Let f be a finite convex function on an interval I . Then, f is continuously differentiable except at most countably
many points in I. (Rockafellar, Theorem 25.3 p244)
I believe thermodynamics cannot conclude anything stronger without further (extra-thermodynamic) input.
When can an intensive quantity discontinuous as a function of thermodynamic variables? First, notice that there is no discontinuous example known. If this could happen, it must be at a phase transition point. M E Fisher discussed the possibility statistical-mechanically (see around p43 of his ``Phase and phase diagram’’ in Proceeding of the Gibbs symposium, Yale University May 15-17, 1989 (AMS and AIP, 1989)), saying ``Let us now venture out from the world as it is into the world as it might have been.’‘ As you can read there, if the contribution of multibody interactions is sufficiently contained, then discontinuity in intensive variables is not realized.

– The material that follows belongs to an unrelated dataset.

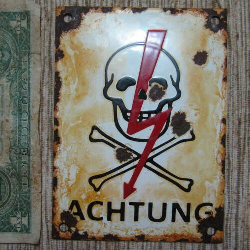 Title (ebay affiliate link): 100% ORIGINAL - Porcelain Sign 1939-1945, WWII, Danger, Skull & Crossbones No 70

In the usual thermodynamics, it is assume that intensive quantities are continuous with respect to thermodynamic coordinates .
What can we say about the Helmholtz free energy A ? It is derived from E by a Legendre transformation with respect to entropy S , so
A is continuous for all it natural independent variables, but its differentiability with respect to temperature is not guaranteed, although as guaranteed by convex analysis, its left and right derivatives are well-defined.
Thus, as is clear from this example, the derivatives or thermodynamic potentials can be discontinuous.
What is we look at internal energy as a function of other variables than the thermodynamic coordinates? For example, if entropy is known as a function of V and T , we could consider E as a function of T and V . In this case S may not be continuous, so even though E is a C1 function of S , the continuity of E is not guaranteed.